YOLOv7 requires a decoder (so we can view the images), a custom loss (that is composed of an object & class & IOU losses), and a specific grid definition to be able to map the predictions to the priors. A complete description of these elements and their configuration could be found in the helpers section.

Here, we set up the YOLO utils with a YOLO-tiny config. This includes the loss config (overlap threshold, maximum matches, weights), the decoder config (NMS & confidence threshold, top_k and max bb to plot) and the Grid config (heads size, strides, and image size).

from code_loader.helpers.detection.yolo.decoder import Decoder
from code_loader.helpers.detection.yolo.utils import scale_loc_prediction, reshape_output_list
from code_loader.helpers.detection.yolo.grid import Grid
from code_loader.helpers.detection.yolo.loss import YoloLoss
from code_loader.helpers.detection.utils import xywh_to_xyxy_format, xyxy_to_xywh_format, jaccard

# -------------------------------------OD Functions ----------------------------------- #
CATEGORIES = ['face']  # class names
BACKGROUND_LABEL = 1 
MAX_BB_PER_IMAGE = 30
CLASSES = 1
IMAGE_SIZE = (640, 640)
FEATURE_MAPS = ((80, 80), (40, 40), (20, 20))
BOX_SIZES = (((10, 13), (16, 30), (33, 23)),
             ((30, 61), (62, 45), (59, 119)),
                 ((116, 90), (156, 198), (373, 326))) #tiny fd
NUM_FEATURES = len(FEATURE_MAPS)
NUM_PRIORS = len(BOX_SIZES[0]) * len(BOX_SIZES) #[3*3]
OFFSET = 0
STRIDES = (8, 16, 32)
CONF_THRESH = 0.35
NMS_THRESH = 0.65
OVERLAP_THRESH = 0.0625 #might need to be 1/16
BOXES_GENERATOR = Grid(image_size=IMAGE_SIZE, feature_maps=FEATURE_MAPS, box_sizes=BOX_SIZES,
                                         strides=STRIDES, offset=OFFSET)
DEFAULT_BOXES = BOXES_GENERATOR.generate_anchors()
LOSS_FN = YoloLoss(num_classes=CLASSES, overlap_thresh=OVERLAP_THRESH,
                                default_boxes=DEFAULT_BOXES, background_label=BACKGROUND_LABEL,
                                from_logits=False , weights=[4.0, 1.0, 0.4], max_match_per_gt=10)
DECODER = Decoder(CLASSES,
                           background_label=BACKGROUND_LABEL,
                           top_k=20,
                           conf_thresh=CONF_THRESH,
                           nms_thresh=NMS_THRESH,
                           max_bb_per_layer=MAX_BB_PER_IMAGE,
                           max_bb=MAX_BB_PER_IMAGE)

Preprocess

The following method downloads our input text files from the public cloud, reads them, and parses the first NUM_SAMPLES entries from each file.
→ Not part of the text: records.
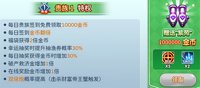 1、在梦幻捕鱼主页面,点击左侧的贵族特权;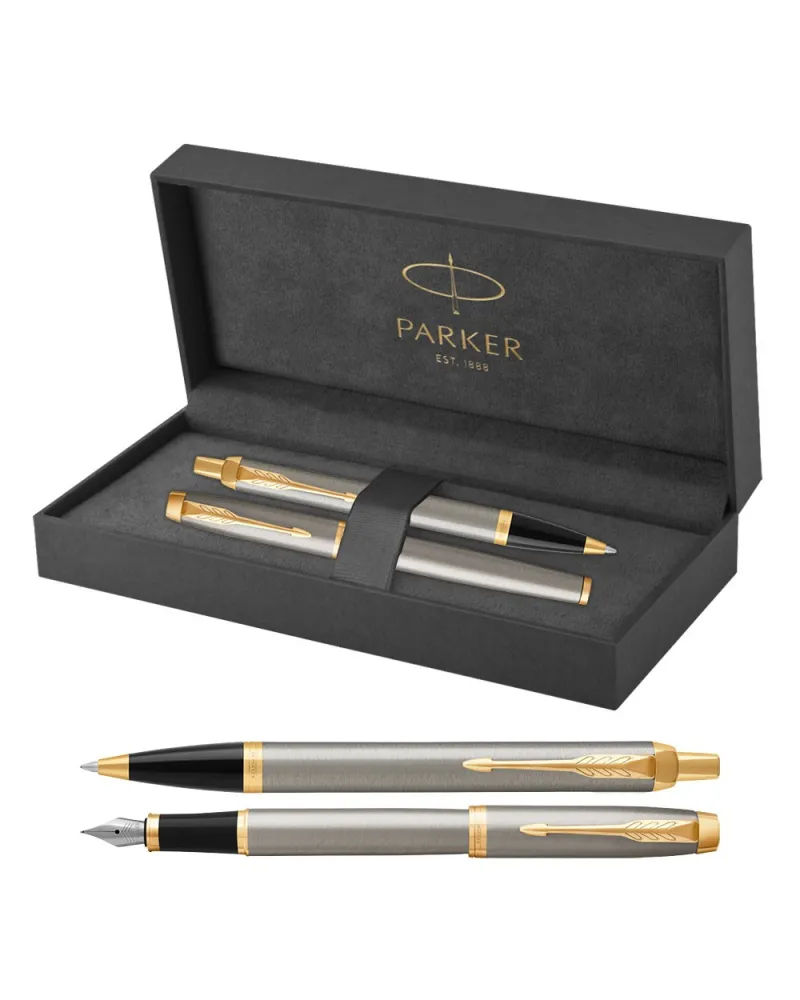 Zestaw Parker IM Brushed Metal GT łączy w sobie dopracowane rzemiosło i dyskretną elegancję. Zarówno pióro wieczne, jak i długopis wykonano z metalu o szczotkowanej strukturze, który nadaje powierzchni głębi i charakteru. Odcień stali – chłodny i surowy – kontrastuje tu z detalami w kolorze złota, tworząc spójną i ponadczasową kompozycję. Zestaw prezentuje się profesjonalnie, nie epatując przesadą, ale przyciągając uwagę szlachetną prostotą i wysoką kulturą wykonania.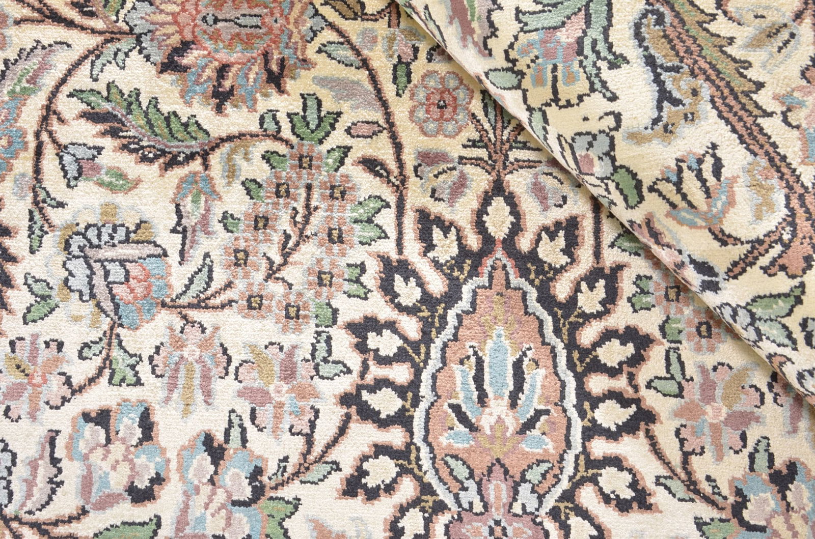 Die Verwendung von Seide verleiht dem Teppich nicht nur eine unvergleichliche Schönheit, sondern auch eine außergewöhnliche Widerstandsfähigkeit gegen Abnutzung. Seide ist bekannt für ihre glänzenden Eigenschaften und sorgt dafür, dass der Teppich unter verschiedenen Lichtverhältnissen immer strahlend aussieht. Die Kette aus Baumwolle sorgt für eine robuste Struktur, die dennoch die Eleganz des Seidenfloors unterstützt. Diese Kombination macht den Teppich sowohl für den täglichen Gebrauch als auch für repräsentative Zwecke geeignet.

def subset_images_list() -> List[PreprocessResponse]:
    lists_base_path = Path('celebA/celeba_full/input_lists')
    lists_names = ["train.txt", "val.txt", "test.txt"]
    NUM_SAMPELS = 100
    lists_full_path = [lists_base_path / subset for subset in lists_names]
    lists_files = [_download(str(f)) for f in lists_full_path]
    subset_image_pths = [None]*3
    subset_labels_pths = [None]*3
    for i in range(len(lists_names)):
        with open(lists_files[i], 'r') as f:
            subset_image_pths[i] = f.read().strip().splitlines()
            subset_labels_pths[i] = transform_image_list_to_labels(subset_image_pths[i])
    subset_image_pths = [sub_pth[:NUM_SAMPELS] for sub_pth in subset_image_pths]
    subset_labels_pths = [sub_pth[:NUM_SAMPELS] for sub_pth in subset_labels_pths]
    responses = [PreprocessResponse(length=len(img_pth), data={'img_path': img_pth, 'label_path': lab_pth})
                 for img_pth, lab_pth in zip(subset_image_pths, subset_labels_pths)]
    return responses

Input Images

this method downloads the images from our cloud, loads them, and then resizes them to a specific IMAGE_SIZE

def input_image(idx: int, data: PreprocessResponse) -> NDArray[float]:
    """
    Returns a BGR image normalized and padded
    """
    data = data.data
    filepath = data['img_path'][idx]
    fpath = _download(filepath)
    image = np.array(Image.open(fpath).resize((IMAGE_SIZE[1], IMAGE_SIZE[0]), Image.BILINEAR))/255.
    # rescale
    return image

Ground Truth

This method reads the YOLO-format labels files and returns a [X,Y,W,X,class_idx] encoded ground truth, with a MAX_BB_PER_IMAGE GT instances per image

def get_bb(idx: int, data: PreprocessResponse) -> NDArray[np.double]:
    """
    returns an array shaped (MAX_BB_PER_IMAGE, 5) where the channel idx is [X,Y,W,H] normalized to [0,1]
    """
    data = data.data
    filepath = data['label_path'][idx]
    fpath = _download(filepath)
    with open(fpath, 'r') as f:
        gt_list = [x.split() for x in f.read().strip().splitlines()]
    bboxes = np.zeros([MAX_BB_PER_IMAGE, 5])
    max_anns = min(MAX_BB_PER_IMAGE, len(gt_list))
    for i, gt_entry in enumerate(gt_list):
        ann = gt_entry
        bboxes[i, :4] = np.array(ann[1:]).astype(float)
        bboxes[i, 4] = np.array(ann[0]).astype(float)
    bboxes[max_anns:, 4] = BACKGROUND_LABEL
    return bboxes

Complete Dataset Script

The complete Face Detection dataset script could be found here.

Exporting an ONNX Model

After the PyTorch training is finished, an ONNX model should be exported using the YOLOv7 export script. YOLOv7 has multiple export options, but the one that would allow the easiest integration with the TensorLeap system is exporting the model without NMS, but with the decoder.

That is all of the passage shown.